To solve this problem and get a server back online in minutes, there are two potential approaches. Both methods should take only a few minutes, but one trades slightly more downtime for less up-front data storage waste.
VM backup as a failover method
The first approach essentially treats your VM backup method as a server failover solution. Many disk-based backup services use a file system filter driver to gather data from the backed-up server. Rather than looking at changes to individual files, a file system filter driver watches for changes to individual disk blocks. When a disk block changes, its new contents (a relatively small amount of space) are then copied to the backup server and cataloged with others.
Such a file system filter driver could be installed inside the VM, or even to the virtual host to monitor for changes. Disk blocks are backed up as they’re modified, so this approach to VM recovery no longer relies on a VM backup window. Rather than gathering the interim data -- the changes that happened since the last VM backup -- this driver just keeps updating the VM backup in almost real-time.
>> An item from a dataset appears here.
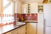 Mitten im Biosphärenreservat Südost-Rügen erwartet Sie eine hochwertige Ferienwohnung mit gemütlichem Wohnzimmer, Kaminofen und Parkettfußboden in der 1. Etage. Die vollausgestattete Küche fügt sich mit dem Esstisch harmonisch in das Wohnzimmer ein. Daneben befindet sich ein Schlafzimmer mit Doppelbett. Ein weiteres Schlafzimmer mit zwei Einzelbetten, die auch zusammenschiebbar sind, befindet sich auf dem Dachboden ( Deckenhöhe in der Spitze ca 1,65m). Das großzügige Bad ist mit Fußboden, Badewanne und Dusche hell und freundlich eingerichtet.

With changed blocks cataloged to a backup server, it’s feasible to restore them to a second powered-off VM at the same time. What results is a kind of data stream between the two servers. The process starts when a disk block changes on the production server. Then, the file system filter driver captures the change and sends it to the backup server. Finally, the backup server transfers the change to the redundant server.
These two servers are therefore loosely synchronized, which means that VM recovery after a failure requires little more than powering on the VM’s other half. That other half could be a physical server somewhere, or it could be another VM. Synchronization occurs in both directions, so returning to the primary server simply requires reversing the flow of data, powering down the secondary server and powering on the primary.
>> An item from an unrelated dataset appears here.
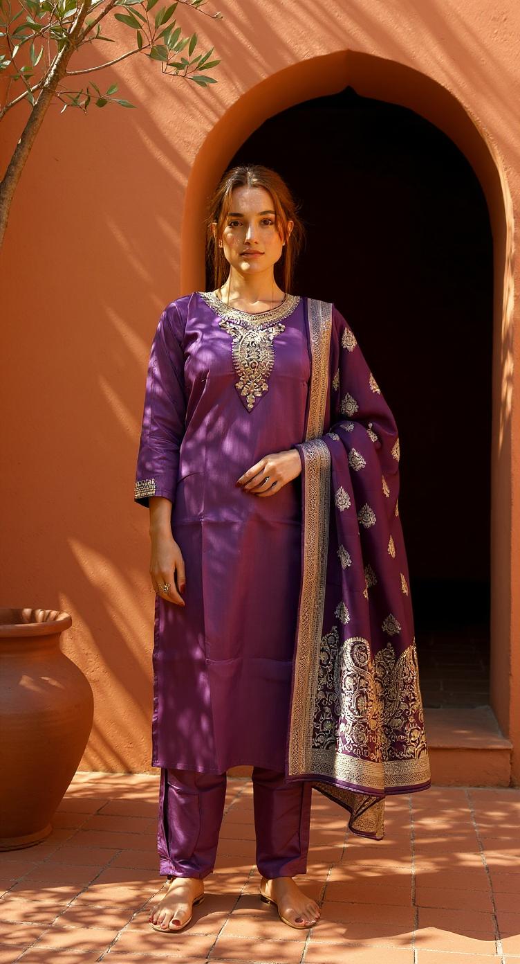 WINE COLOURED WOMEN'S POLYSTER KURTA WITH DUPATTA SET

This failover approach is a great starting point for getting servers operational quickly, but it does require an extra copy of data waiting around for a failure. If the server you’re protecting is a terabyte in size, the cost of keeping two copies can be excessive.
Data prioritization for VM recovery
There’s another approach to VM recovery that can get servers back online in minutes, but without costly data duplication. This VM backup method uses data prioritization during the VM recovery and restore process.
Using the same file system filter driver, this VM backup method keeps only a single copy of data within the disks attached to the backup server. Should a production server fail, the first step to VM recovery is booting a replacement with a DVD or other media. On that DVD is enough of an operating system and associated application code to kick off the VM backup. You can then install the core OS and critical applications.
The quantity of data consumed by the OS and applications is relatively small compared to the databases. (Think “tens of gigs” as opposed to “thousands of gigs.”) So restoring the VM doesn’t take that much time -- perhaps only a few minutes. Once the core pieces of that server are operational, the larger portion of the data then begins its restore.
It’s at this point in the VM recovery process that things get interesting. A disk-based backup service that uses a file system filter driver can randomly access any piece of data in its catalog. That data can be prioritized according to what users need. Once the application is restored and ready for use, high-priority data can be restored before others -- as users request it. The complete set of data might not get restored for a long time -- say, the amount of time required to copy that terabyte of data -- but the server and its applications are functioning within minutes. If a user needs a piece of data that isn’t already restored, that piece can be immediately prioritized.
Various vendors offer VM backup and restore services that use both of these approaches. You’ll find that some tools can get terabyte servers back online faster than others. With the combination of disk-based backups and a file system filter driver method, all you need is a bit of extra management code at the backup server to accomplish these VM recovery tasks.
This was first published in February 2011